• _About this exercise_: Pictures must not appear in the copy. Restate exactly the lines below from the one with "フォーム画面の項目をドラッグ&ドロップで編集できます。" through the one with "ФАС возбудила дело", inclusive.

• _Provided material_:
========

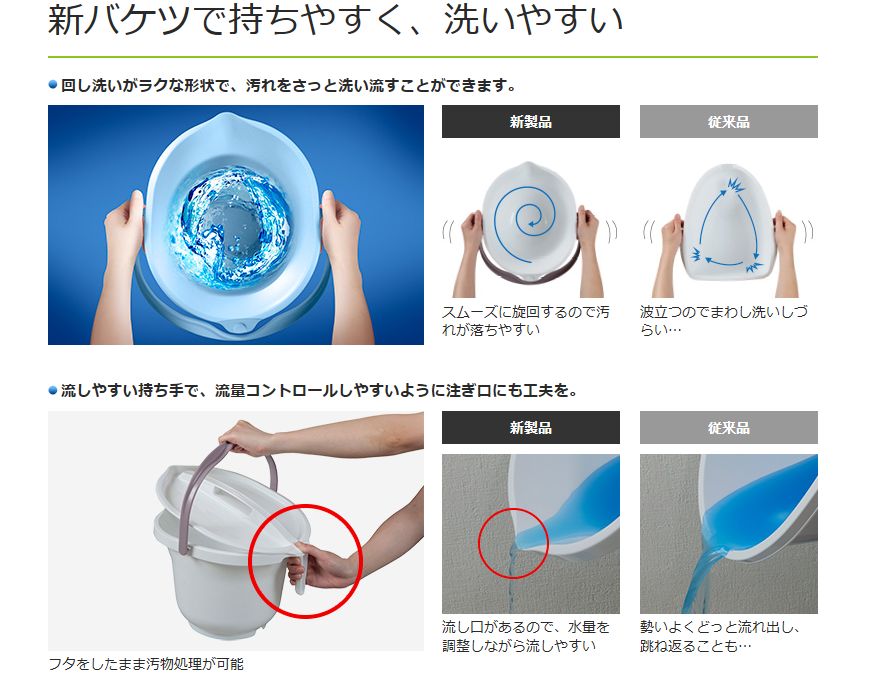 ■お部屋にすっきり納まるサイズ「コンパクトタイプ」 ・小柄な方におすすめです ■新バケツで持ちやすく、洗いやすい ・回し洗いがラクな形状で、汚れをさっと洗い流すことができます ・流しやすい持ち手で、流量コントロールしやすい注ぎ口です ■全タイプ「長穴便座」で、拭き取りしやすい ・便座口径が前後に3cm長い長穴便座です ・前に尿こぼれしにくい尿漏れガード付き ■脱臭ソフト便座 ・お尻のやせた方にやわらかい座り心地 ・脱臭器のおよその電気代:3W 0.1円/日(1日1時間使用した場合) ・電源コードの長さ:1.8m ※新電力料金目安単価:27円/kWh(税込)で計算 ■センサー式 自動脱臭 ・座るとセンサーが感知しすぐに脱臭 ・使用後自動で切れるタイマー付 ■サイズ 本体:幅49×奥行58×高さ75.5〜87.5cm 便座高さ:34〜46cm(3cmピッチ5段階調整) ひじ掛け高さ:座面より17〜26cm(3cmピッチ4段階調整) ひじ掛け内寸:40cm ■重量 14.8kg ■最大使用者体重 100kg ■材質 本体:天然木(ウレタン樹脂塗装) 座面:ウレタンフォーム・合成皮革 ソフト便座:ウレタンフォーム・合成皮革 背もたれ:ウレタンフォーム・合成皮革 バケツ・防汚トレー:ポリプロピレン ソフト便座:ウレタンフォーム・合成皮革 すべり止めゴム:エラストマ ■付属品 便座カバー、消臭液(1本)■長穴便座で尿もれしにくくふき取りしやすい
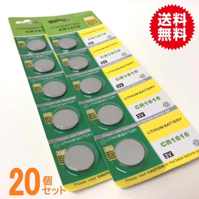 ボタン電池(CR1616)20個セット 【送料無料 PDA カメラ リチウム電池 置時計 置き時計 電子手帳 LEDライト リングライト バングルライト 防災グッズ 非常用 災害 腕時計用リチウム電池】
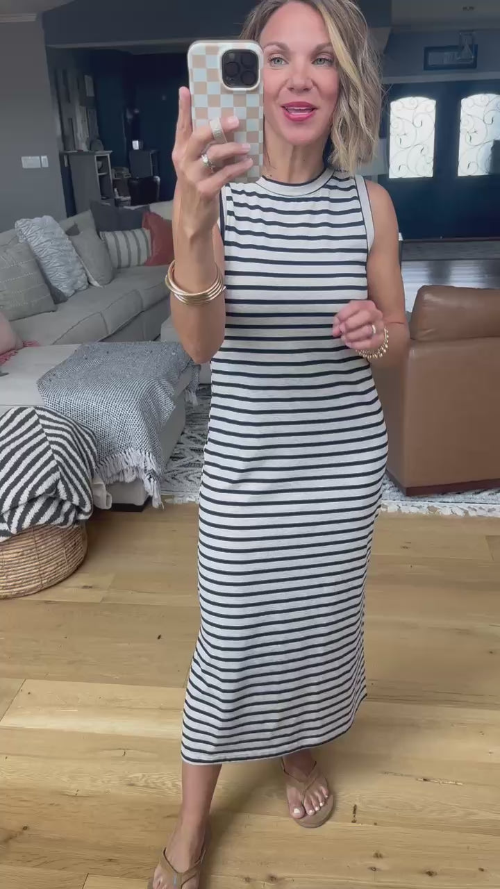 Meet your new favorite everyday dress! This comes in a black and white striped print. It fits true to size and is a midi length with side slit. It is bra friendly and looks cute on its own or with a cardigan or denim jacket thrown over top!
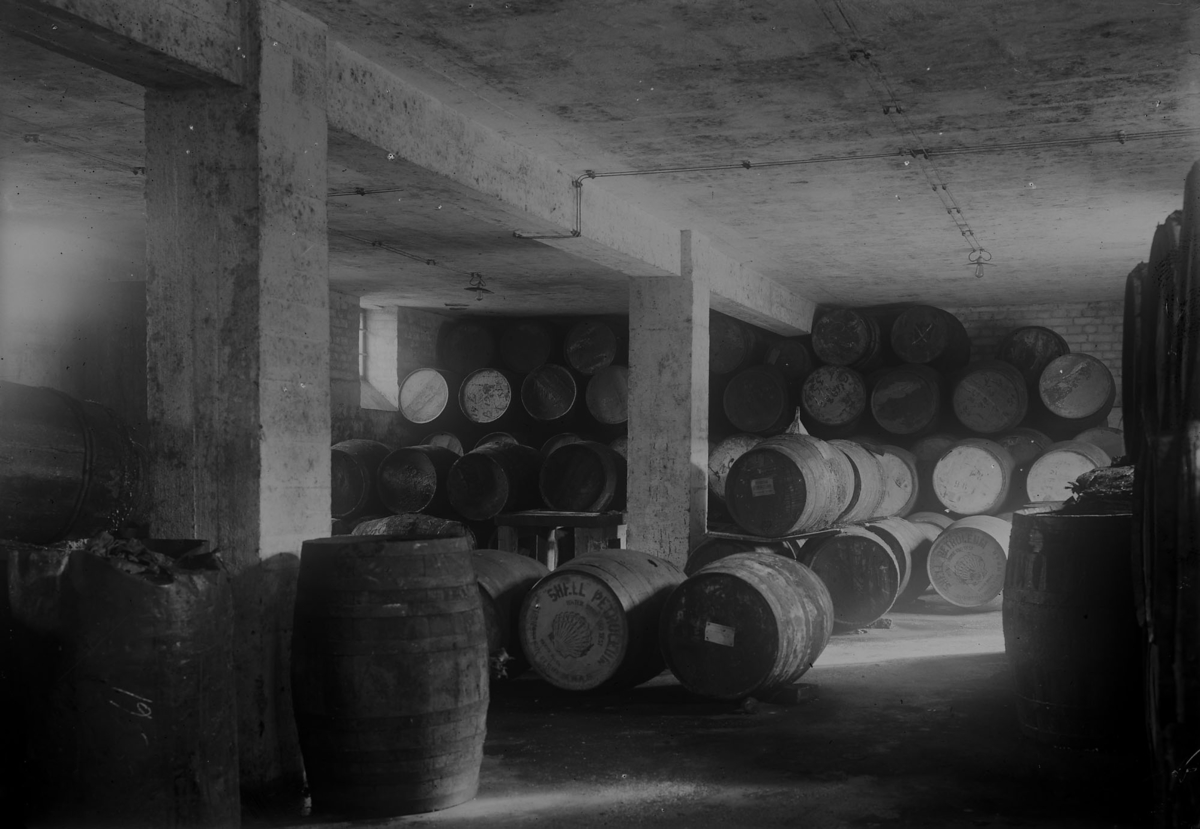 Titel: Färgfabriken Standard. Interiör, lager med tunnor.
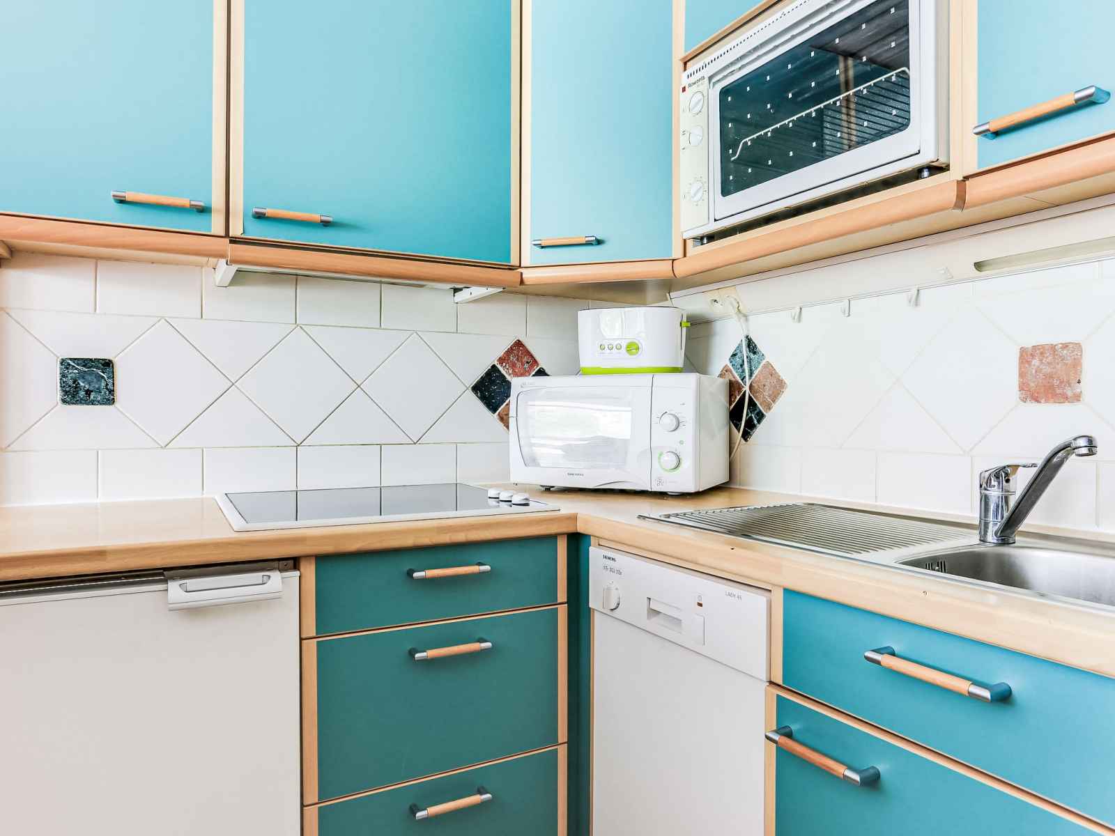 Studio 28 m2 au 3ème étage. aménagement confortable: séjour/salle à manger avec 1 lit (80 cm, longueur 190 cm), 1 grand-lit rabattable (160 cm, longueur 190 cm), tv. entrée avec 1 lit (80 cm, longueur 190 cm). cuisine ouverte (mini-four, four, lave-vaisselle, 3 plaques vitrocéramiques, micro-ondes). bain/wc. balcon, situation sud. vue
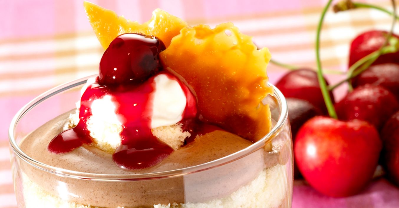 Upečený korpus necháme vychladnout, podélně jej rozpůlíme a vykrojíme z něj sklenicí celkem 18 koleček. Ty pak na střídačku s whisky šlehačkou naplníme do 6 sklenic (viz fotografie).
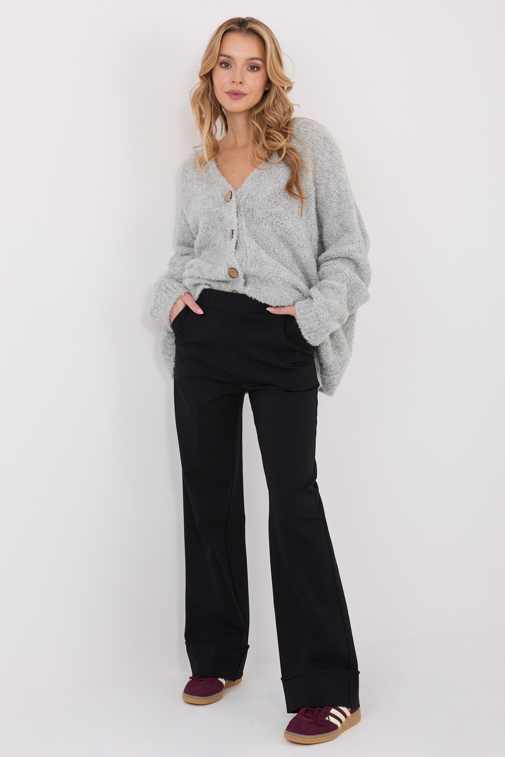 Model nosí velikost S/M. Rozměry modelky: výška 169 cm, prsa 88 cm, pas 68 cm, boky 89 cm.
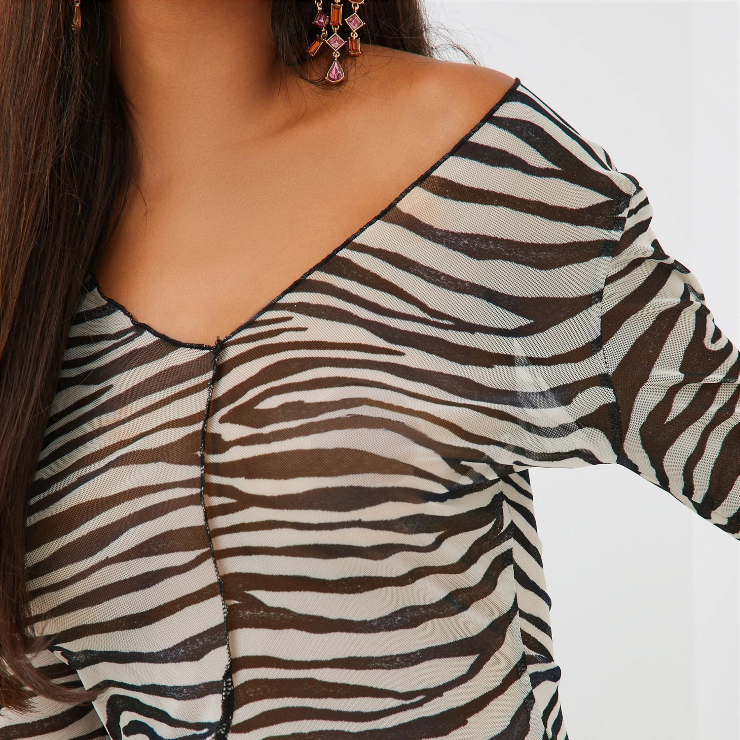 EGO Long Sleeve Split Front Detail Top In Zebra Print Mesh
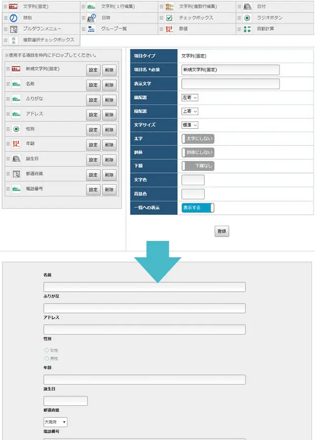 フォーム画面の項目をドラッグ&ドロップで編集できます。
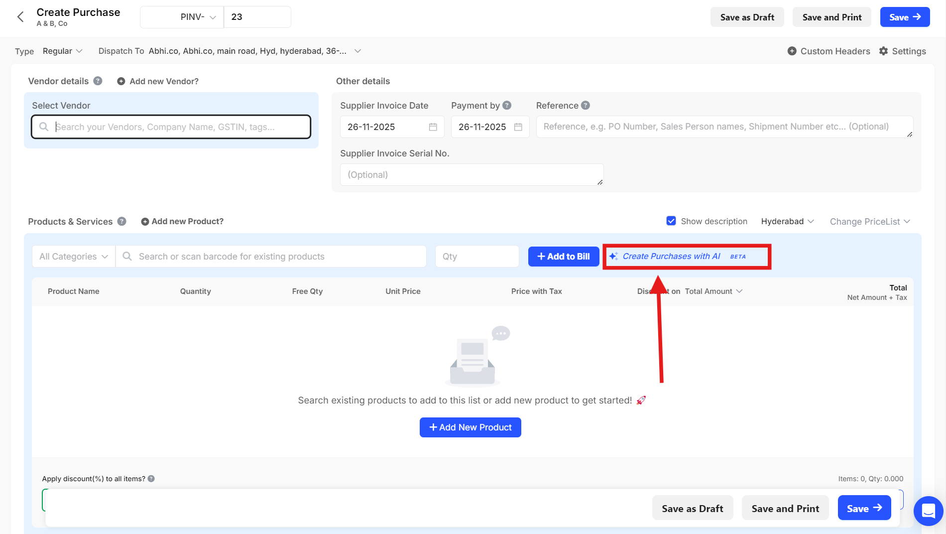 To create a purchase invoice with AI for products with batches in Swipe, please follow the below-mentioned steps.
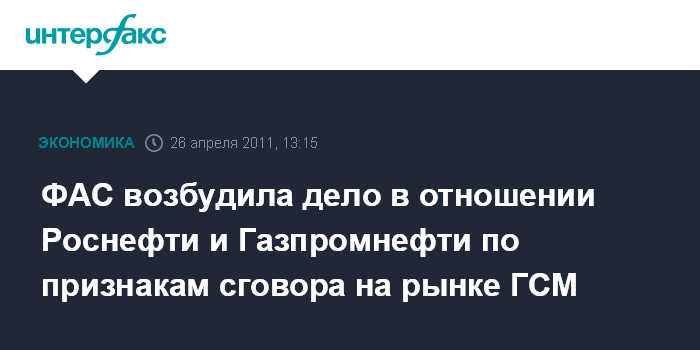 ФАС возбудила дело в отношении Роснефти и Газпромнефти по признакам сговора на рынке ГСМ
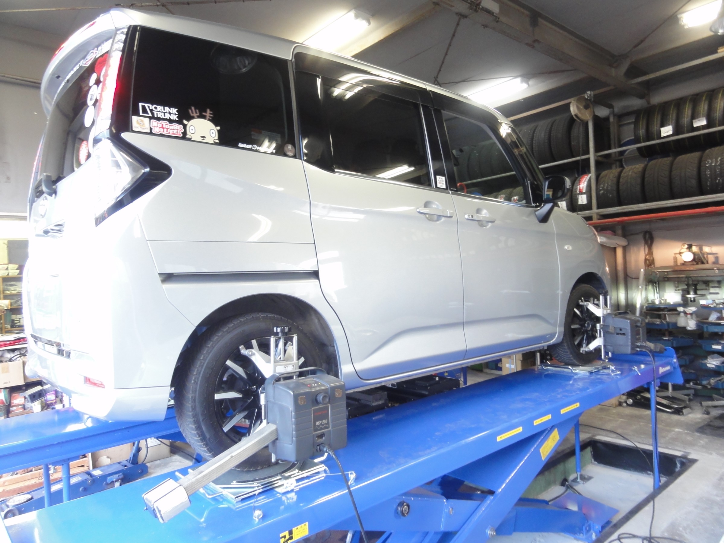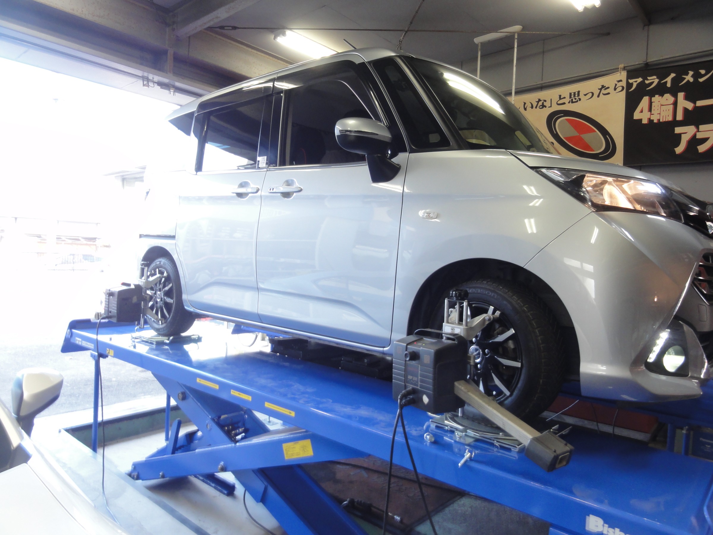 2023年7月28日 ツイート 当店のJAF加盟クラブのクラブ員の トヨタ タンク(M900A)の アライメント測定&調整作業を行いました。 この車の標準アライメント調整箇所は フロントのトーのみの調整となります。 いつも御利用・御来店ありがとうございます。 またのお越しをお待ちしております。 Prev Next
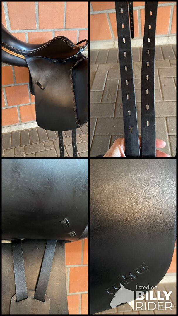 Siodło ujeżdżeniowe Cobra jak nowe - Sprzedaję moje siodło ujeżdżeniowe Cobra. Została zrobiona dla konia z dość prostym grzbietem, ale potem używana bardzo mało ze względu na chorobę i sprzedaż konia, jak widać. Rozmiar siedziska to 17,5. Jest to możliwość zdobycia prawie nowego siodła ( cena nowego 4200€) dość tanio. Cobra oferuje możliwość konsultacji z numerem siodła, czy siodło mogłoby pasować, a także serwis wtedy na miejscu. Jest to sprzedaż prywatna, nie udzielam żadnej gwarancji.

========

• _Response to the task_:
 フォーム画面の項目をドラッグ&ドロップで編集できます。
 To create a purchase invoice with AI for products with batches in Swipe, please follow the below-mentioned steps.
 ФАС возбудила дело в отношении Роснефти и Газпромнефти по признакам сговора на рынке ГСМ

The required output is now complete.